Leave out the pictures and output exactly the lines below from the one with "A ruby-themed cake" down to the one with "Located on the", both of them included.

* [Data to use]:
_ _ _ _ _

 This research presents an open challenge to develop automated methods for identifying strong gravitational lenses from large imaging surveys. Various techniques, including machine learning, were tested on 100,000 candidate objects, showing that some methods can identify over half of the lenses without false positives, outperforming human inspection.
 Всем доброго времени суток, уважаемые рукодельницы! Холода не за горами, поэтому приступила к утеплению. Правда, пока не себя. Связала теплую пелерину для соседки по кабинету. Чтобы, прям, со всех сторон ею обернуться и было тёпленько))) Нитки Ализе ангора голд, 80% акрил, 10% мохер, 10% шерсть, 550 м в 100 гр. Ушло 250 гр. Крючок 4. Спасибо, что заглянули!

_ _ _ _ _

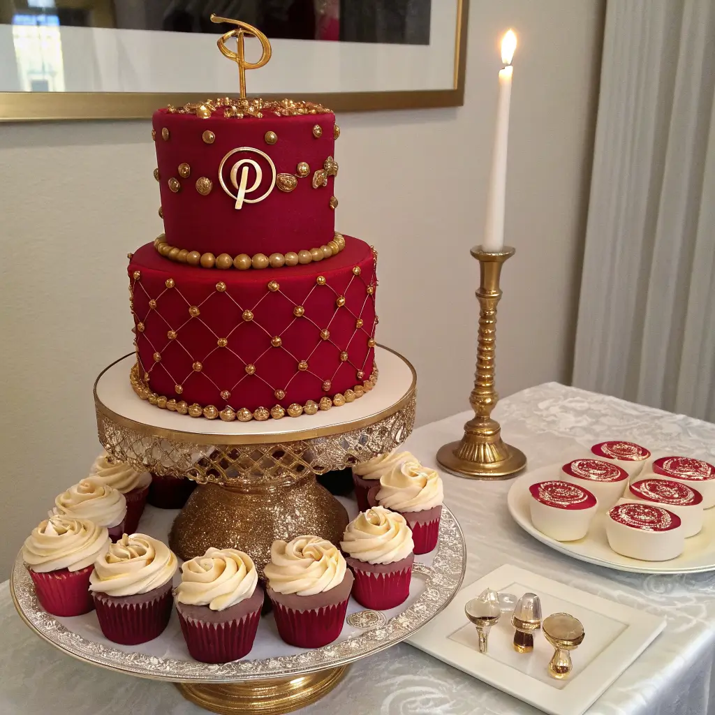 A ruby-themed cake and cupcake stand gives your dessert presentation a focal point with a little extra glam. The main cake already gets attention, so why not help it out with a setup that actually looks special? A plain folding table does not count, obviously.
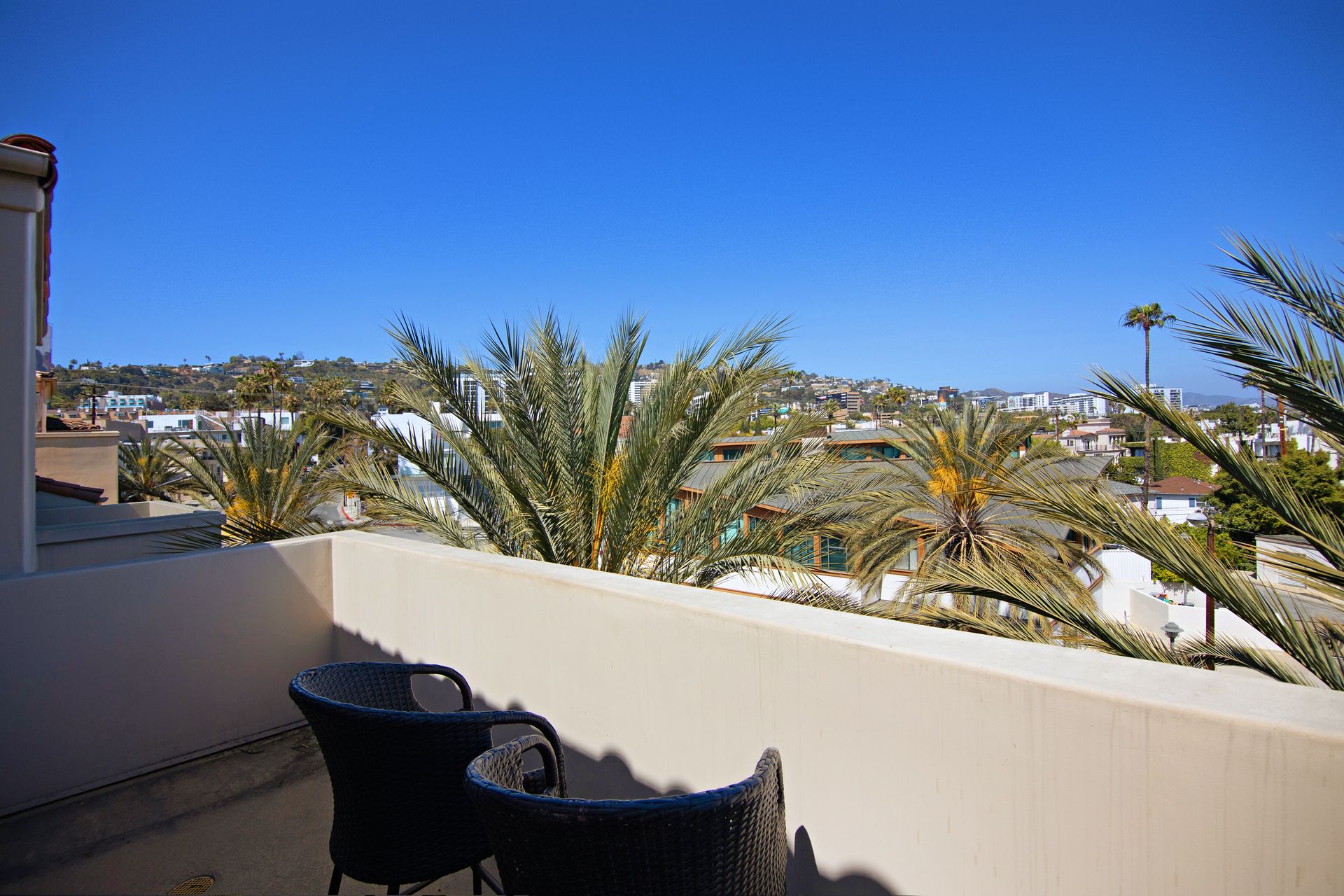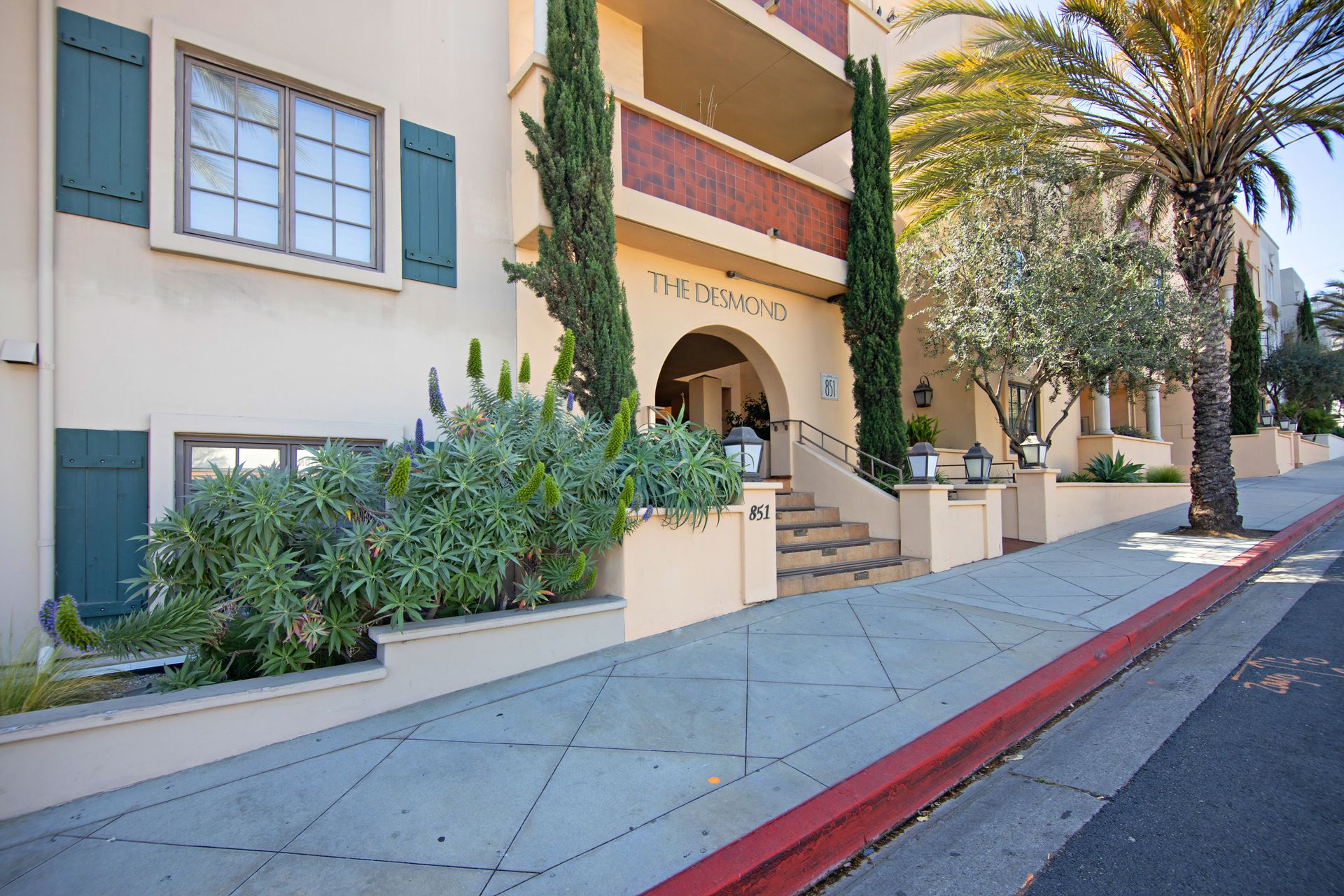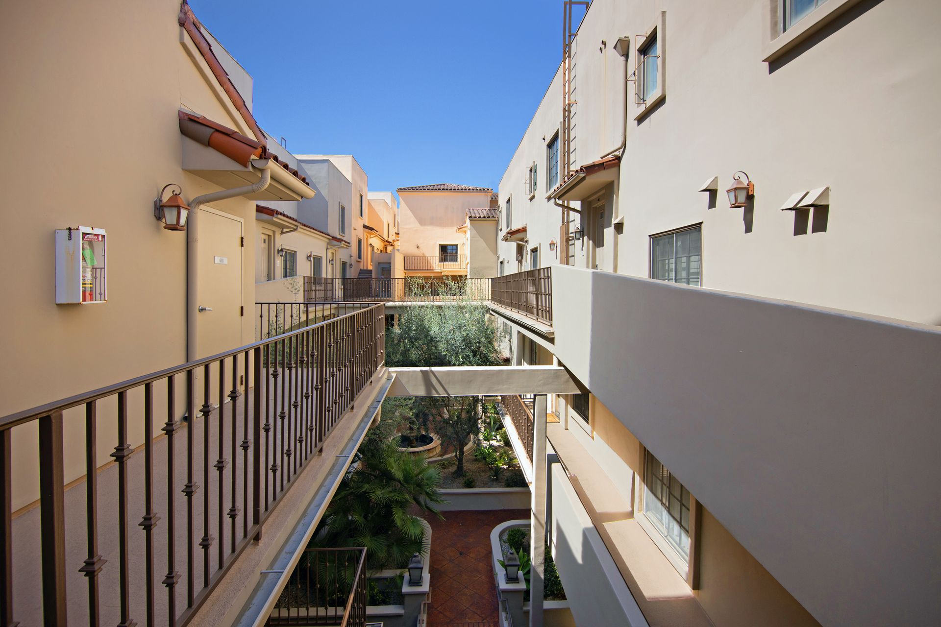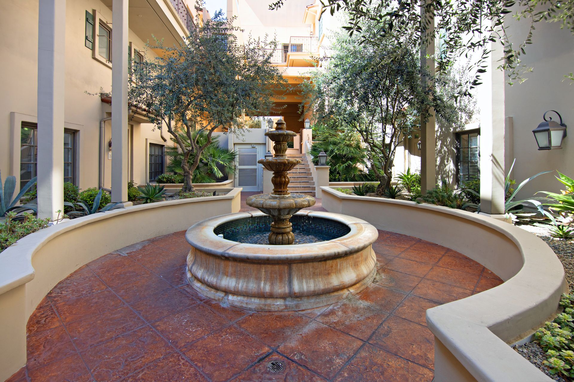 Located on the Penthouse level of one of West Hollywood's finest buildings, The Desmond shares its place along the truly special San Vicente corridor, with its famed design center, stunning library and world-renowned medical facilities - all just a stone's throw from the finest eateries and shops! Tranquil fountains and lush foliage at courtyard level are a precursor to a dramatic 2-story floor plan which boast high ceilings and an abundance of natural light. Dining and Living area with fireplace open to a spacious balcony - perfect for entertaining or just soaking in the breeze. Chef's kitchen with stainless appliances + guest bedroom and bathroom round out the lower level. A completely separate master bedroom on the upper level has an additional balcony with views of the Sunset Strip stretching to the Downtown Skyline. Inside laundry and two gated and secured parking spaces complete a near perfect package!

_ _ _ _ _

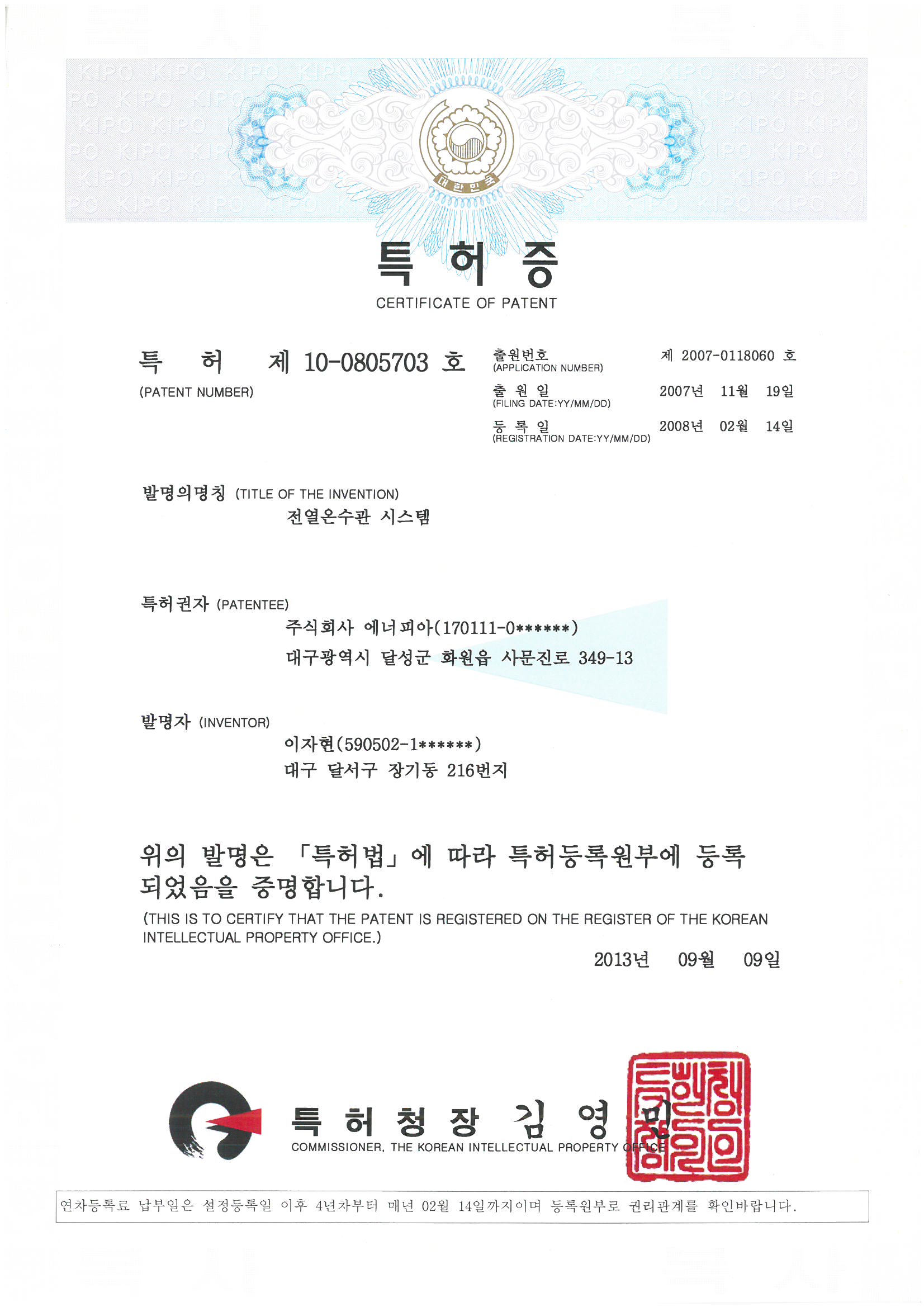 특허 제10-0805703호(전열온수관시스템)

_ _ _ _ _

* [Your solution]:
 A ruby-themed cake and cupcake stand gives your dessert presentation a focal point with a little extra glam. The main cake already gets attention, so why not help it out with a setup that actually looks special? A plain folding table does not count, obviously.
 Located on the Penthouse level of one of West Hollywood's finest buildings, The Desmond shares its place along the truly special San Vicente corridor, with its famed design center, stunning library and world-renowned medical facilities - all just a stone's throw from the finest eateries and shops! Tranquil fountains and lush foliage at courtyard level are a precursor to a dramatic 2-story floor plan which boast high ceilings and an abundance of natural light. Dining and Living area with fireplace open to a spacious balcony - perfect for entertaining or just soaking in the breeze. Chef's kitchen with stainless appliances + guest bedroom and bathroom round out the lower level. A completely separate master bedroom on the upper level has an additional balcony with views of the Sunset Strip stretching to the Downtown Skyline. Inside laundry and two gated and secured parking spaces complete a near perfect package!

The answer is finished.